Below are the records; print exactly the lines from the one with "Más tarde, la" through the last, both included, and leave the pictures out.

- **Data provided**
= Beginning of Section =

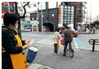
交通安全街頭活動 (倉敷)
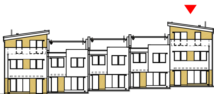
pohled na dům od západu
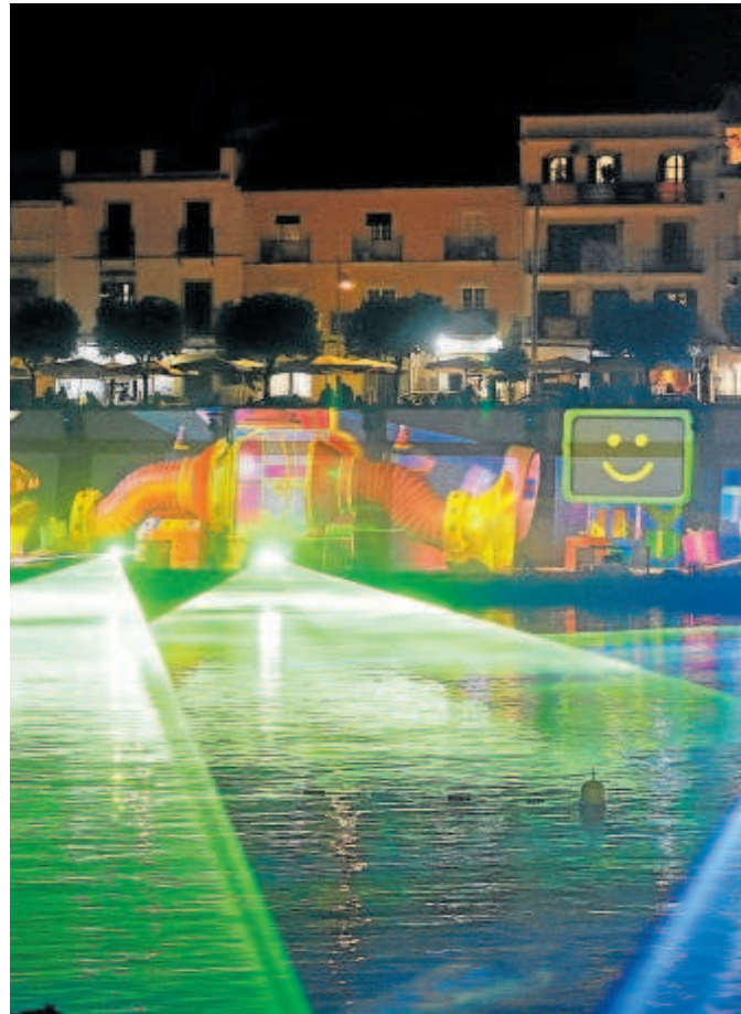
Espectáculo audiovisual proyectado el año pasado en el río

Además, se levantarán tres figuras volumétricas luminosas de gran tamaño en la explanada delantera del pala-
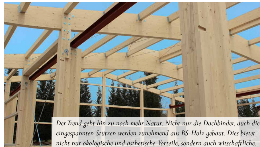
Der Trend geht hin zu noch mehr Natur: Nicht nur die Dachbinder, auch die eingespannten Stützen werden zunehmend aus BS-Holz gebaut. Dies bietet nicht nur ökologische und ästhetische Vorteile, sondern auch wirtschaftliche.

Den üblichen Beton- und Stahlstützen im Hallenbau erwächst ein starker Konkurrent: Eingespannte Stützen aus BS-Holz sind nicht nur ökologischer, sehen hervorragend aus und geben ein angenehmes Raumklima. Sie haben auch eine Fülle technischer Vorteile. So erleichtert ihr verhältnismäßig geringes Gewicht den Transport und die Montage. Die Gesamtkonstruktion des Tragwerks lässt sich schnell und durchgehend montieren, Wandbauteile lassen sich an das Holz problemlos anschließen. Weil insgesamt kleinere Fundamente benötigt werden, fallen
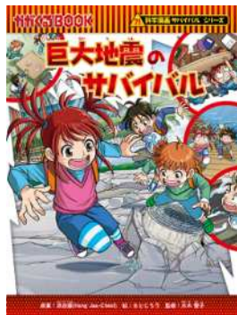
洪在徹：原案 もとじろう：絵/大木聖子：監修 『巨大地震のサバイバル』 (朝日新聞出版)
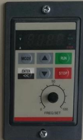
调速器 Speed Control
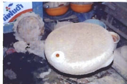
● หุ่นแม่พิมพ์กระทงบนบ่อเปิดที่เสร็จเรียบร้อยแล้ว วางทิ้งไว้ให้แห้งเตรียมสำหรับเอาขึ้นฟองออก เพื่อเทน้ำทองเหลือง จะเห็นรูบนวนสำหรับเททองเหลือง
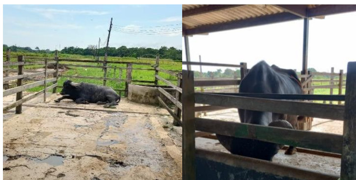
Figura 38: Animais confinados.

A alimentação no setor de bubalino é dividida entre os animais que saem para pastejo e os animais confinados (Figura 38). As novilhas e as fêmeas adultas são liberadas durante o dia para o pasto – que possui uma área de pastagem dividida em 12 piquetes (Figura 39), a espécie forrageira usada é a Urucloua decumbns –, e retornam ao curral ao fim dia. No campo há também o sal mineral disposto no saleiro com cobertura (Figura 40).
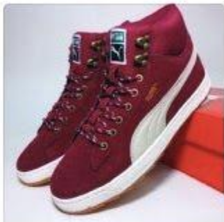
Зимние Кроссовки Sue... 2 990 Р 3 990 Р
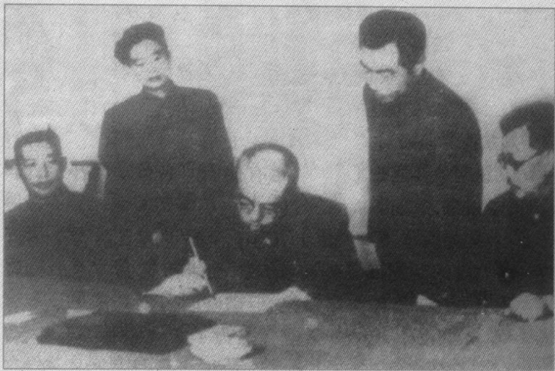
▶ 中国人民志愿军司令员彭德怀在停战协定文本上签字。
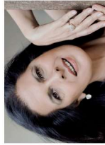
LICINIA LENTINI Attrice, doppiatrice, arte terapeuta
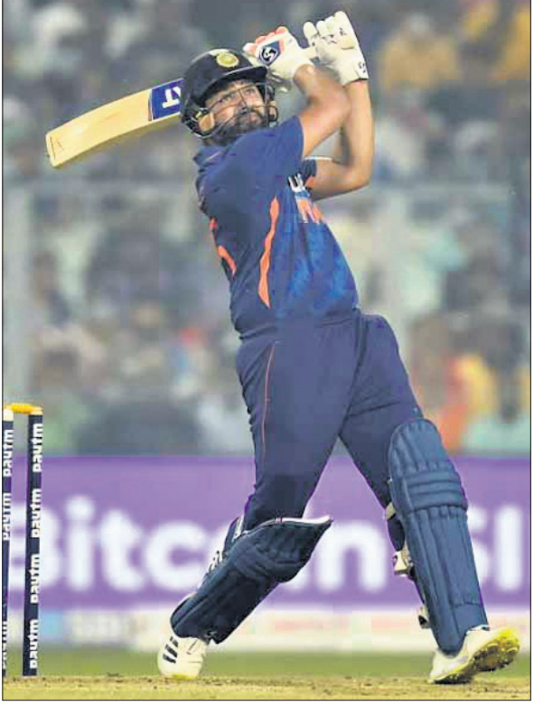
ଅର୍ଦ୍ଧଶତକ ଅବସରରେ ଶର୍ଦ୍ଧ ଷ୍ଟେକ୍ସଟି ରୋହିତ ଶର୍ମା।

କୋଲକାତା, ୨୧।୧୧ ଉତ୍ତମ ବ୍ୟାଟିଂ ଓ ବୋଲିଂରେ ପ୍ରଭାବୀ ପ୍ରଦର୍ଶନ କରି ଭାରତ ରବିବାର ଏଠାରେ ଅନୁଷ୍ଠିତ ଟୁଟାୟ ଟି୨୦ କ୍ରିକେଟ ମ୍ୟାଚରେ ଟ୍ଵାଙ୍କିଲାଣ୍ଡକୁ ୭୩ ରନରେ ପରାସ୍ତ କରିଛି। ଏଥିସହ ୩ ମ୍ୟାଚ ବିଶିଷ୍ଟ ସିରିଜକୁ କ୍ଲିନ୍ ସୁଇପ୍ କରିଛି ରୋହିତ ଶର୍ମାଙ୍କ ନେତୃତ୍ଵାଧୀନ ଟିମ୍ ଇଣ୍ଡିଆ। ଭାରତ ୨୦ ଓଭରରେ ୬ ରଜକେଟ ହରାଇ ୧୮୪ ରନ କରିଥିଲା। ୧୮୫ ରନ ବିଜୟ ଲକ୍ଷ୍ୟକୁ ପଛ କରି ଟ୍ଵାଙ୍କିଲାଣ୍ଡ ୧୨.୭ ଓଭରରେ ୧୧୧ ରନ କରି ଅଲଆଉଟ ହୋଇ ଯାଇଥିଲା। ବଡ଼ ଷ୍ଟୋରକୁ ଚେକ୍ କରିବା ଚାପକୁ ହାତେଇ ପାରି ନ ଥିଲା ଟ୍ଵାଙ୍କିଲାଣ୍ଡ। ଓପନର ମାର୍ଟିନ ଗୁପ୍ଟିଲ ସର୍ବାଧିକ ୫୧(୩୬ ବଲ, ୪ ଚୋକା, ୪ ଛକା) ରନ କରିଥିଲେ ହେଁ ଅନ୍ୟ ସବୁ ବ୍ୟାଟରଙ୍କ ବିଫଳତା ଦଳକୁ ବୁଝାଇ ପରାଜୟ ଆଡ଼କୁ ନେଇ ଯାଇଥିଲା। ଦଳ ପକ୍ଷରୁ ଟିମ୍ ସିଫର୍ସ ଦ୍ଵିତୀୟ ସର୍ବାଧିକ ୧୬ ରନ କରିବାକୁ ସକ୍ଷମ ହୋଇଥିଲେ। ୨୧ ରନରେ ପ୍ରଥମ ଉତ୍ତମକେଟ ହରାଇଥିବା ଟ୍ଵାଙ୍କିଲାଣ୍ଡ କ୍ରମାଗତ ବ୍ୟବଧାନରେ ଉତ୍ତମକେଟ ହରାଇ ୧୧୧ ରନରେ ସାମିତ ରହି ଯାଇଥିଲା। ଭାରତୀୟ ବୋଲରଙ୍କ ମଧ୍ୟରେ ଅକ୍ଷର ପଟେଲ ସର୍ବାଧିକ ୩ଟି, ହର୍ଶଲ ପଟେଲ ୨ଟି ଏବଂ
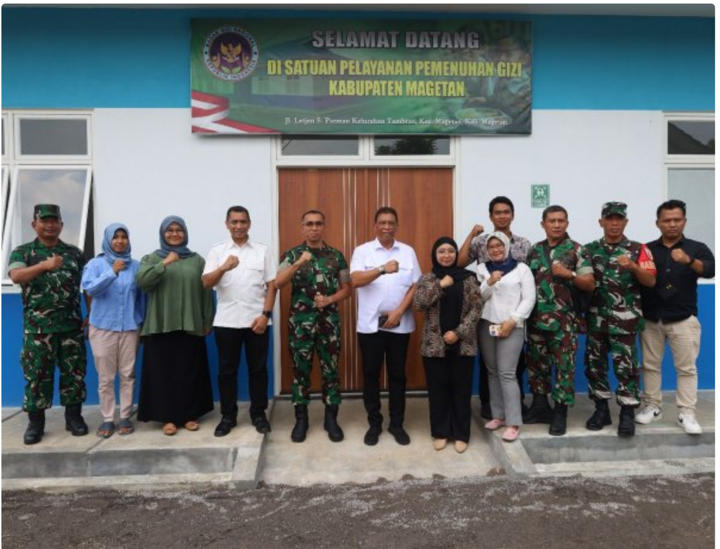
Dandim 0804/Magetan Dampingi Kunker Dan Peninjauan Tim Badan Gizi Nasional
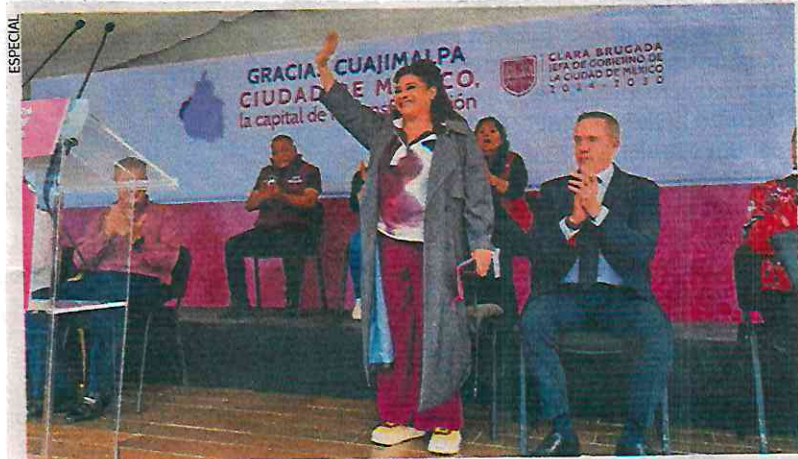
La jefa de Gobierno electa señaló que dará seguimiento a las peticiones de los pobladores de Cuajimalpa.

Más tarde, la jefa de Gobierno electa visitó la alcaldía Magdalena Contreras. ●
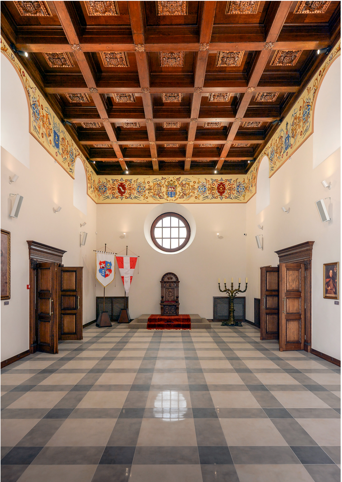
Рис. 3. Інтер'єр Тронної зали після завершення ремонтних робіт. 2020 р.
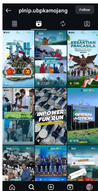
Gambar 5. Reels Kegiatan dan Informasi @plnip.ubpkamojang
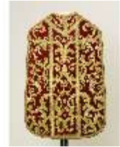
ND.VII,T, Kassel (Rückansicht), DL_0056_11, DI024209, BSV-
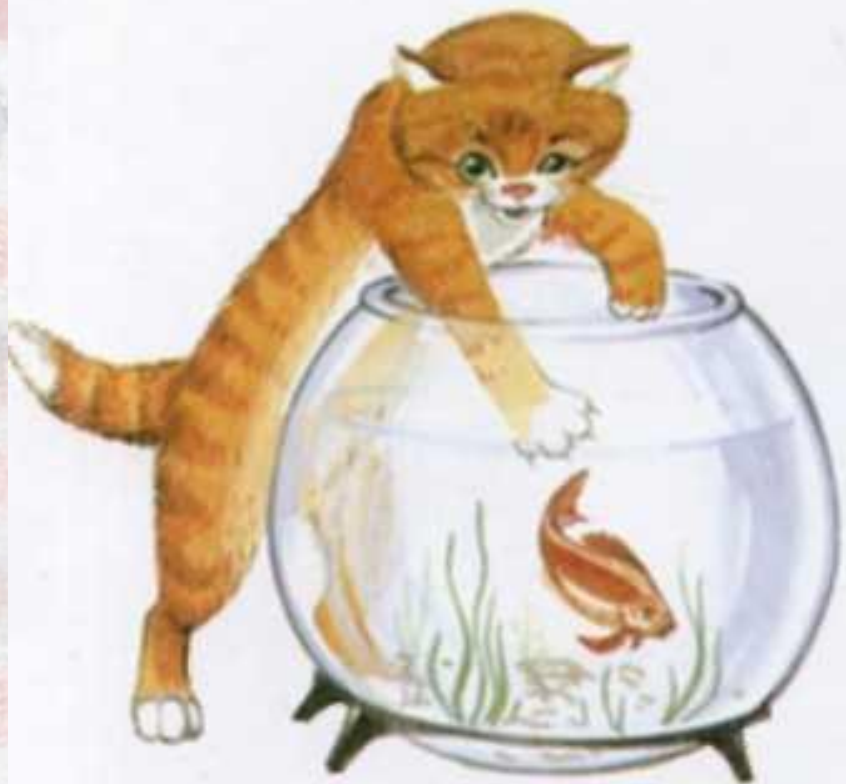
Кот лезет лапой в аквариум
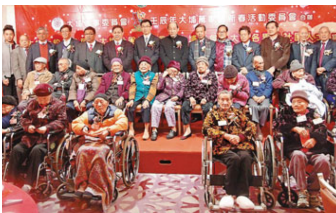
大埔區「耆老千歲宴」邀請6,500名73歲或以上長者聚首一堂，人數為歷年新高。
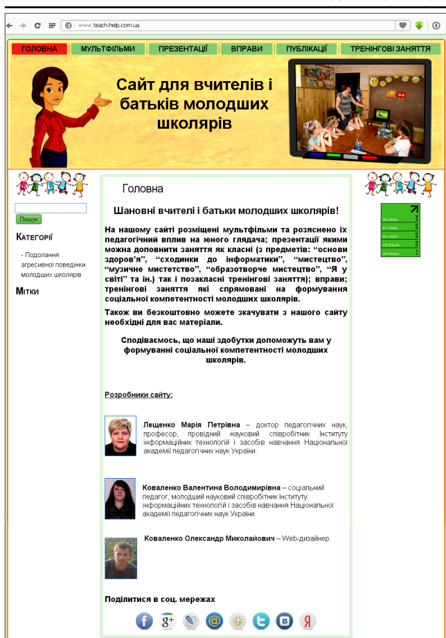
Рис. 1. Головна сторінка сайту http://www.teach-help.com.ua/

Ресурси і обладнання: мультимедійна дошка/проектор, ноутбук/комп'ютер, мультимедійна презентація. Можете заздалегідь знайти значення імен по кожному учню, або ж дати завдання учням дізнатися у своїх батьків значення їхніх імен (взяти інтерв'ю у своїх батьків на тему «Значення мого імені»). І на наступному занятті розповісти свою історію всьому класу). Мультимедійна презентація на тему «Таємниця наших імен», у презентації розміщений не тільки текст, а й картинка подана на web-сайті: http://www.teach-help.com.ua/ . Міні-лекція виступає діалогом з учнями.
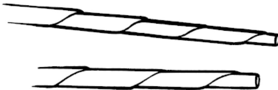
Рисунок 2. Трубочки с разной толщиной концов

Трубочки, заготавливаемые из тонкой бумаги, получаются тоньше, легче ложатся и скрепляются, они удобнее в эксплуатации. Но бывает так, что готовая вещь выглядит более фактурно, если трубочки толстые и жесткие.

= End of Section =

- **Task solution**
Más tarde, la jefa de Gobierno electa visitó la alcaldía Magdalena Contreras. ●
Рис. 3. Інтер'єр Тронної зали після завершення ремонтних робіт. 2020 р.
Gambar 5. Reels Kegiatan dan Informasi @plnip.ubpkamojang
ND.VII,T, Kassel (Rückansicht), DL_0056_11, DI024209, BSV-
Кот лезет лапой в аквариум
大埔區「耆老千歲宴」邀請6,500名73歲或以上長者聚首一堂，人數為歷年新高。
Рис. 1. Головна сторінка сайту http://www.teach-help.com.ua/

Ресурси і обладнання: мультимедійна дошка/проектор, ноутбук/комп'ютер, мультимедійна презентація. Можете заздалегідь знайти значення імен по кожному учню, або ж дати завдання учням дізнатися у своїх батьків значення їхніх імен (взяти інтерв'ю у своїх батьків на тему «Значення мого імені»). І на наступному занятті розповісти свою історію всьому класу). Мультимедійна презентація на тему «Таємниця наших імен», у презентації розміщений не тільки текст, а й картинка подана на web-сайті: http://www.teach-help.com.ua/ . Міні-лекція виступає діалогом з учнями.
Рисунок 2. Трубочки с разной толщиной концов

Трубочки, заготавливаемые из тонкой бумаги, получаются тоньше, легче ложатся и скрепляются, они удобнее в эксплуатации. Но бывает так, что готовая вещь выглядит более фактурно, если трубочки толстые и жесткие.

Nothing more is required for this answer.